Participants were broken into three groups; 105 people were the control group, who received quarterly newsletters, 104 people received face-to-face intervention and 104 people received internet-based intervention. The two study groups were taught to weigh themselves daily and learned strategies of what to do if they noticed an increase in their weight.

After 18 months, the people who only received newsletters regained 5-25 pounds, the group who received internet-based intervention regained 9-29 pounds and the face-to-face group regained 10-20 pounds.

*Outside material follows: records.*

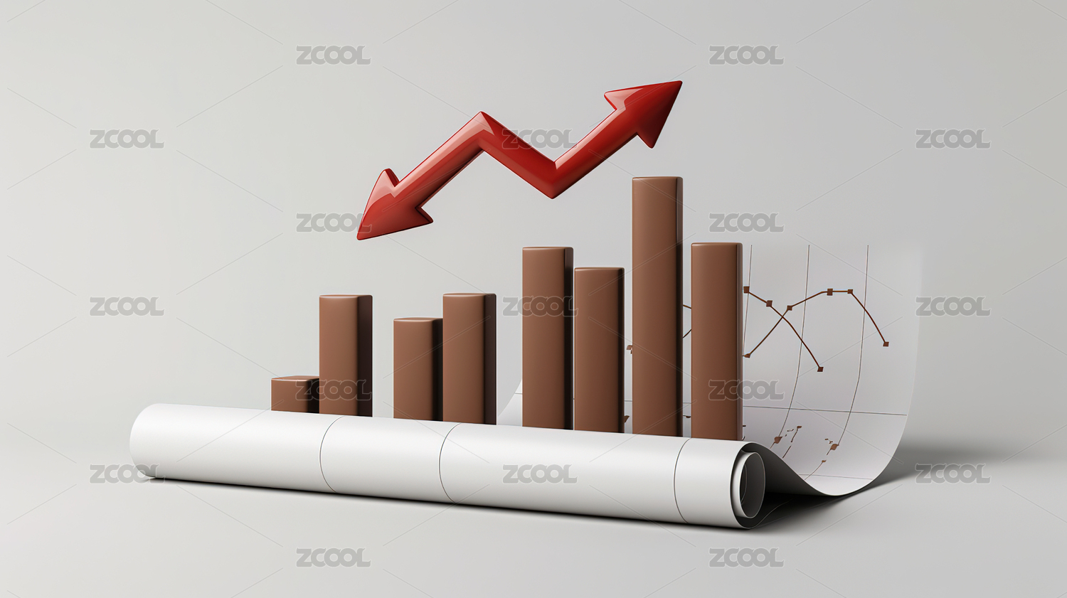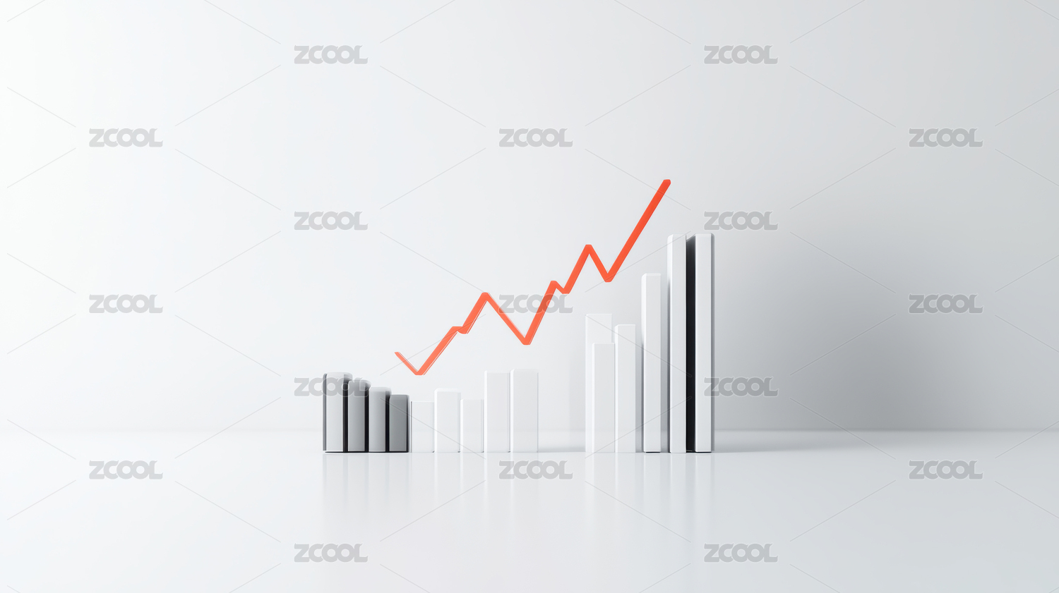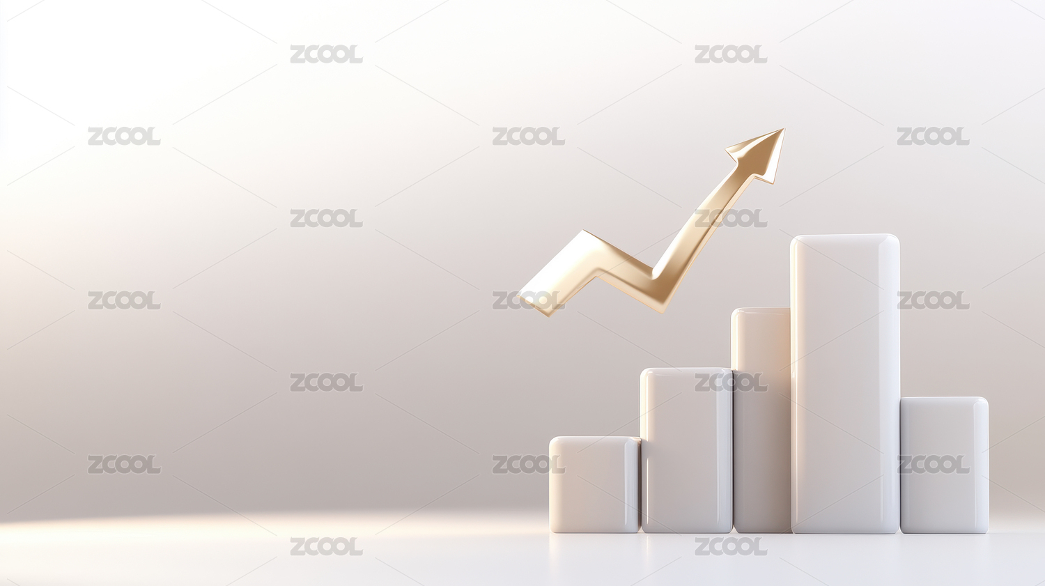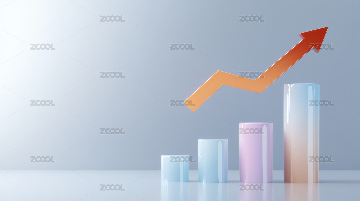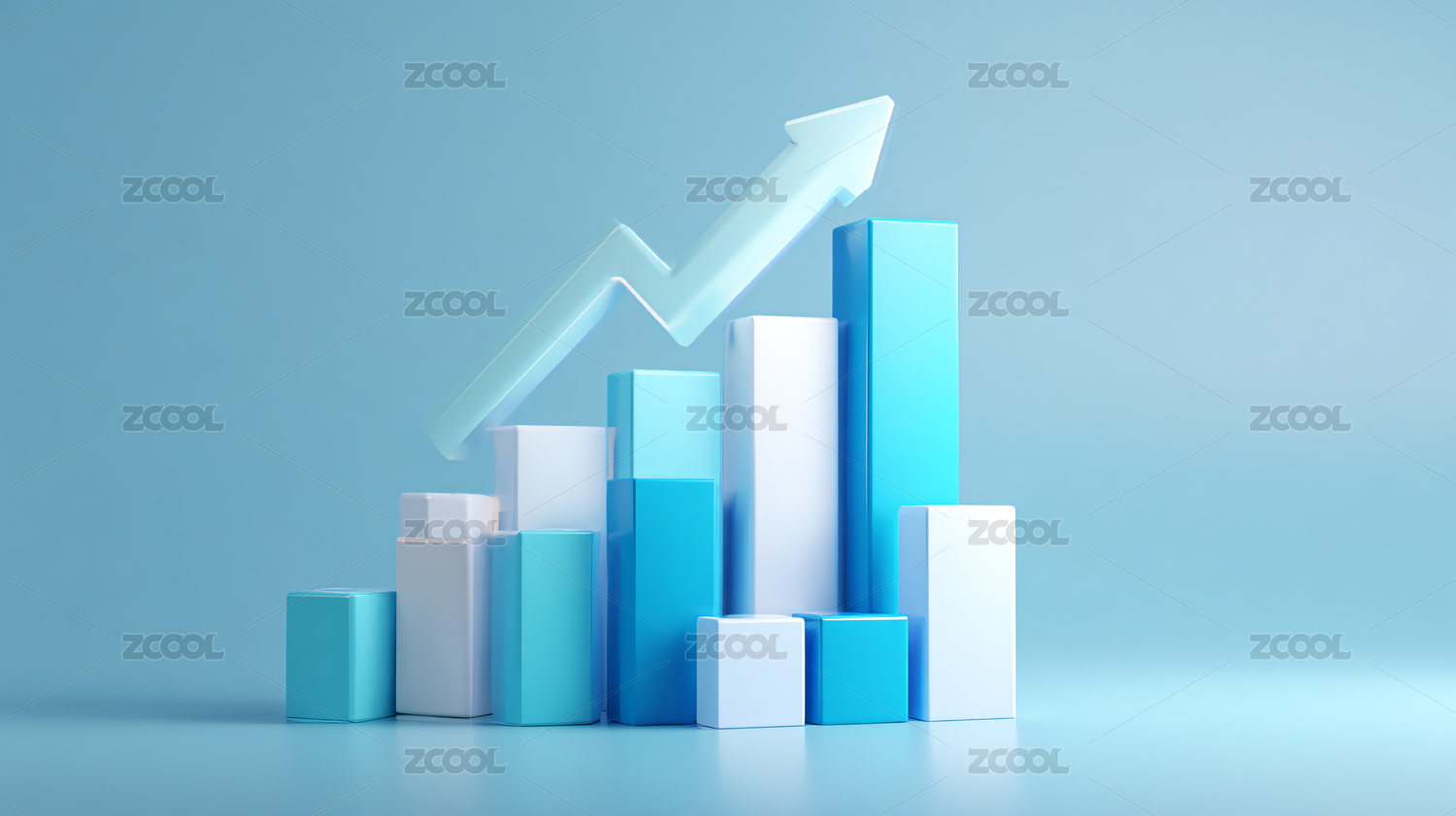 蓝色渐变玻璃质感金融柱状图增长箭头背景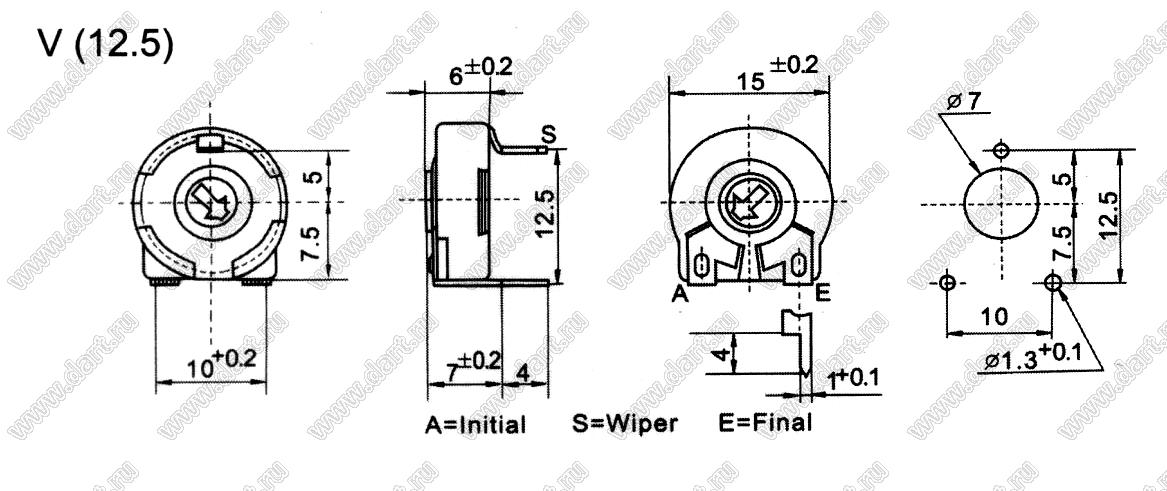 Каталог > Электронные компоненты, радиодетали > Резисторы > Резисторы подстроечные > Углеродные подстроечные потенциометры > PT15 серия > PT15-L-V02-502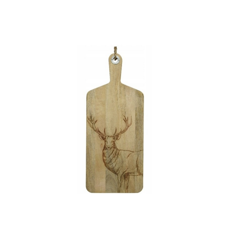 Deska do krojenia/serwowania wykonana z drewna mango w naturalnym kolorze z motywem jelenia, renomowanej niemieckiej firmy Kaemingk.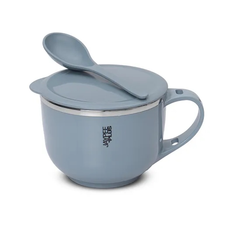 Jaypee Plus Stainless Steel Soup Bowl with Lid & Spoon Holder Souptok Maggi bowl Noodles pasta bowl Mug for kids – Blue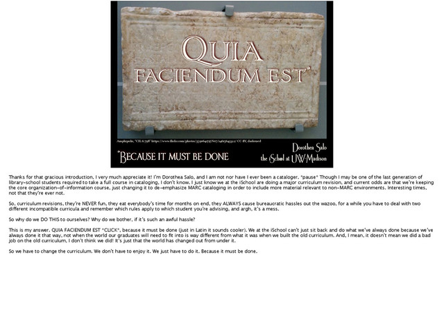 supplement—and again, thank you for this, if anybody’s here from IFLA, this is a classroom life-saver—just to show the difficulties. Try to think like a computer for a second. There’s a WHOLE LOT of punctuation all up in here, and it’s not at all obvious (even to me, and I’m a human being) what’s being set off by it or what it means, or even if it means anything at all! I mean, look at the physical description of the globe there. Tell me what a period, a dot, means there (1 space globe space colon space col dot comma space plastic space semicolon space thirty cm space parenthesis diam dot parenthesis). Oh, okay, as a human being, I can figure out the dots there are calling out abbreviations. Now, can I just tell the computer to assume a dot always means an abbreviation? Of course I can’t! A dot doesn’t mean that in the other areas! And can anybody tell me why in the last area of the globe description, everything except the final sentence has a period at the end? It’s enough to make a computer programmer cry into her beer. And I lopped the area labels off for legibility, but I just want to point out, we have two competing sets of delimiters happening here—the areas, that are set off with whitespace, and what’s in each individual area, which is funky punctuation city. And when you add that to MARC, we’ve got a whole ‘nother set of delimiters in the form of fields, subfields, and indicators. I respect my colleagues who teach cataloging! I could never do it! Because I cut my teeth on XML, where delimiters are totally cut-and-dried and straightforward, such that I find this mishmash completely bewildering! And the bottom example there, anybody see an error? *pause* I mean, I think it’s an error, it’s hard to tell, but that very bottom line, if that’s supposed to be an em dash before the word Canyon, it’s not. To a human being, no big deal. To a computer, VERY big deal. Just goes to show, when we can’t even be sure our documentation is right…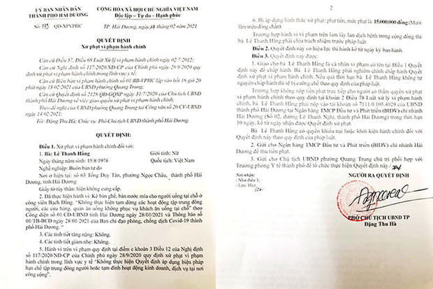 Theo bà Hà, hành vi của chị H. đã vi phạm quy định “không thực hiện quyết định áp dụng biện pháp hạn chế tập trung đông người hoặc tạm đình chỉ hoạt động kinh doanh, dịch vụ tại nơi công cộng” quy định tại Nghị định số 117/2020/NĐ-CP của Chính phủ ngày 28/9/2020.

Researchers concluded that people who receive more face-to-face intervention are better able to maintain weight loss than those who do not receive any intervention. They also concluded that daily weighing could help people monitor their weight and make adjustments more quickly.

However, I have worked with many clients who weigh themselves daily and I strongly discourage such an activity. Daily weighing helps the person focus entirely on what their weight is that day, not on healthy eating habits. When a person weighs themselves daily, and they see an increase in the weight, two things often happen:

1. They feel incredible guilt. They wonder what they did wrong to cause the increase, and then they promise themselves they will be ‘good’ that day. Often this includes trying to not eat in the morning, which results in binging later in the day, and thus more guilt.

2. They set up this obsession that they have to continue to weigh themselves daily, and as they restrict their eating more and more, and falling prey to uncontrolled eating, they fall further into a crevasse of shame, guilt and chronic hunger.

Weighing yourself on a daily basis will tell you more about what your fluid balance is like than exactly what your weight is doing. Weekly weighing is fine, but for people who obsess over their weight, I will suggest that they stick to monthly weighing.

If you are trying to lose weight, learn how to space your meals so you don’t skip meals and are not hungry between meals. I often tell clients that if they are hungry, eat fruit. You cannot eat so much fruit that you gain weight, no matter what you may hear in the media. And it satisfies that sweet tooth while providing incredible nutrients to the body!